**Dataset extract:**
========================================

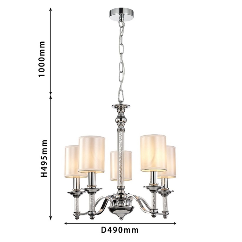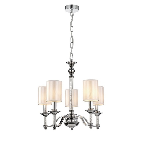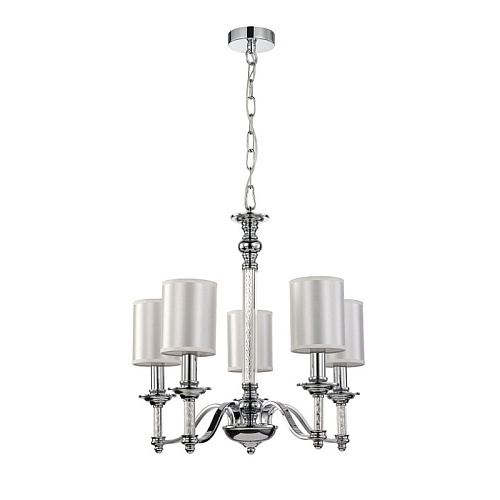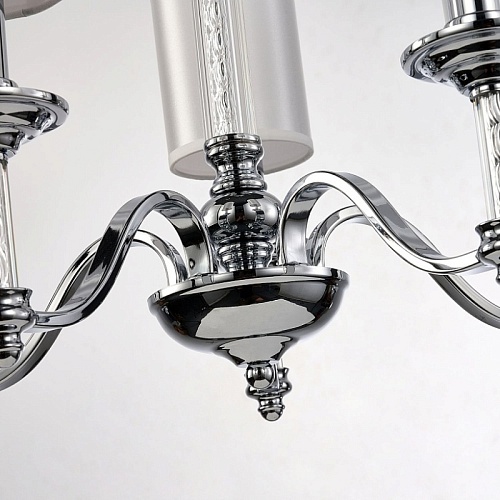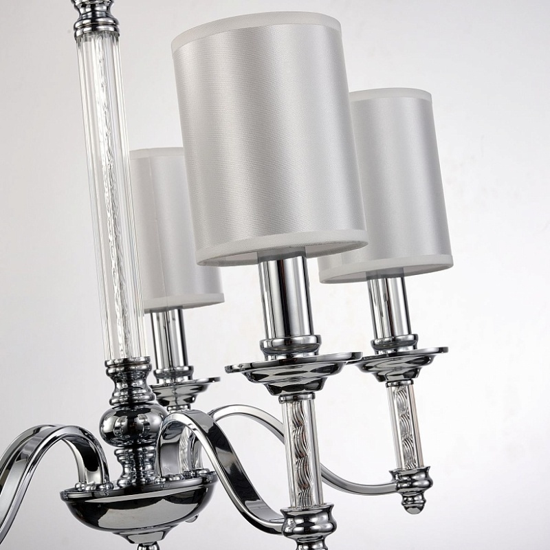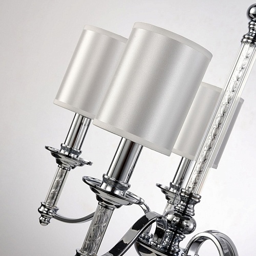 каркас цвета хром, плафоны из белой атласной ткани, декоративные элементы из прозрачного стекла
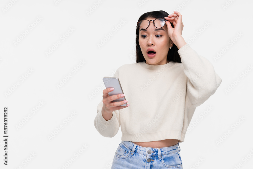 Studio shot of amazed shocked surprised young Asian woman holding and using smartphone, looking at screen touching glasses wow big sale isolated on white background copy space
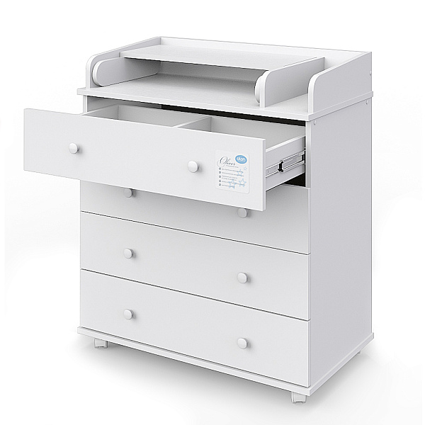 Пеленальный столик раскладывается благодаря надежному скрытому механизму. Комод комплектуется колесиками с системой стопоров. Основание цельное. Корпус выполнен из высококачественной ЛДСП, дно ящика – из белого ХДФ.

========================================

**What you have to do:** The required output is an exact copy of the lines from the start of the material above through the line containing "Studio shot of", inclusive, with no pictures in it.

**Exercise solution:**
 каркас цвета хром, плафоны из белой атласной ткани, декоративные элементы из прозрачного стекла
 Studio shot of amazed shocked surprised young Asian woman holding and using smartphone, looking at screen touching glasses wow big sale isolated on white background copy space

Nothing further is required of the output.